Posted by: Fred Z at April 22, 2012 8:40 PM

Fred, I don't know where you come from, but I'm glad you wandered in here. Now how about a bit on American Beef?

Posted by: Casca at April 22, 2012 9:16 PM

Fred Z, you might be missing my point;

Airport at 6 am. as in, Git'er done.

No thirty-five hour work weeks.
No 4 weeks vacation first year.
No government unions.
No socialized medicine.

Meanwhile, you concern yourself about fine dining while Greece self destructs.

Posted by: Rocky at April 22, 2012 9:29 PM

Fred Z, I think there is a difference between TexMex (Texas/Mexican), Southwest cooking and Mexican cooking. You can find traditional Mexican restaurants if you look, and I will agree it is nothing like the American version. I like both variations.

Posted by: DoubleU at April 23, 2012 4:56 AM

Dude---then don't order the "tacos." There's always another place to eat down the road or around the corner.

Posted by: Deborah at April 23, 2012 6:19 AM

Fred Z, if you are remarking upon the Taco Bell type hard-shells in the picture, I'll go along with you. Nothing worse than a taco which detonates the instant of the first bite.

And it's a good thing you are conversant with Mexican food, there are time when nothing else will do. So...

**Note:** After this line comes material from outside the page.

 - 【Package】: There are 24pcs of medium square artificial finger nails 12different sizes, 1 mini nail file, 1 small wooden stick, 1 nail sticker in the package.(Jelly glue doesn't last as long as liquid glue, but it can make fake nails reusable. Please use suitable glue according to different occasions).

Who's your tamale lady? You have a tamale lady, don't you? Anybody claiming to be familiar with Mexican food knows someone he can go to around Christmas or New Years to buy real homemade tamales. Because those things are a real bastard to do well, and the tamale ladies make extra money around the holidays providing our tamale fix. Where do you get homemade tortillas? You have a source for those, don't you? My Aunt Delores passed away five years ago, and tortillas aren't as good these days, for me.

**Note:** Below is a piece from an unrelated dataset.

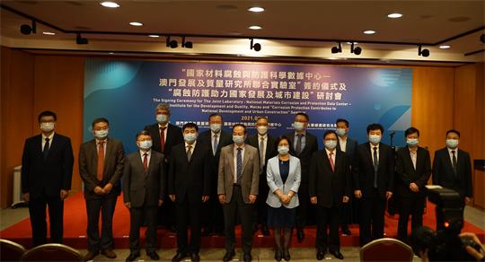 【本报讯】9月17日下午,澳门发展及质量研究所与国家材料腐蚀与防护科学数据中心、北京科技大学顺德研究生院联合建立联合实验室签约仪式及研讨活动在澳门科学馆举行。澳门大学葛伟副校长,澳门特别行政区政府环境保护局谭伟文局长,市政署市政管理委员会罗志坚副主席,建设发展办公室林炜浩主任,中国腐蚀与防护学会常务副秘书长程学群教授及澳门大学教授、业界资深工程师和澳门特区政府高级公务技术人员等参加签约仪式

I'll match Estella against yours in a tamale cage match. Any day. Loser buys the winner a meal at any decent Mexican joint here in Bakersfield. I haven't decided if we'll eat at Los Hermanos, one of the Taco Frescos, Mauricio's, this place I know on Kentucky Street in East Bakersfield, or any of three trucks that park down on Union Avenue during the day. I guess it'll be lunch in the case the trucks, too many sheriff's deputies out on Union during the evening for my taste.

Did the street food thing. Lots of us have. Most cuisines are improved by drinking.

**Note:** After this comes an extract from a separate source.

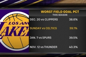 湖人今天慘敗凱爾特人,全隊命中率僅39.1%,賽季倒數第二低。
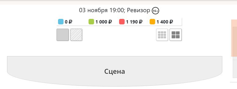 Билеты на "Ревизора" ВСЁ! \_()_/. Ценник, кстати, был приемлемый - от 1000 до 1400.

Posted by: Mike James at April 23, 2012 9:44 AM

Ah, cinnamon rolls, my specialty, Freddo. Our sweatshop, that is, our bakery starts the next day's production at 10 pm the night before. We work an hour after the shop opens, just to keep up with the demand. Our Indonesian cinnamon is so powerful that breathing the dust in can give you a nasty burning case of Brown Lung. (Baker's Lung). Potent stuff.
Those are the side effects of making everything from an old recipe book with laminated pages and filed in a three ring notebook.

Posted by: Jewel at April 23, 2012 10:48 AM

You know that is a good invention but nobody has room for every single wierd gadget and invention in their kitchen. Where would you store your taco-plate, next to your fajita maker or your pretzel bender? Just how many times a week do you eat tacos?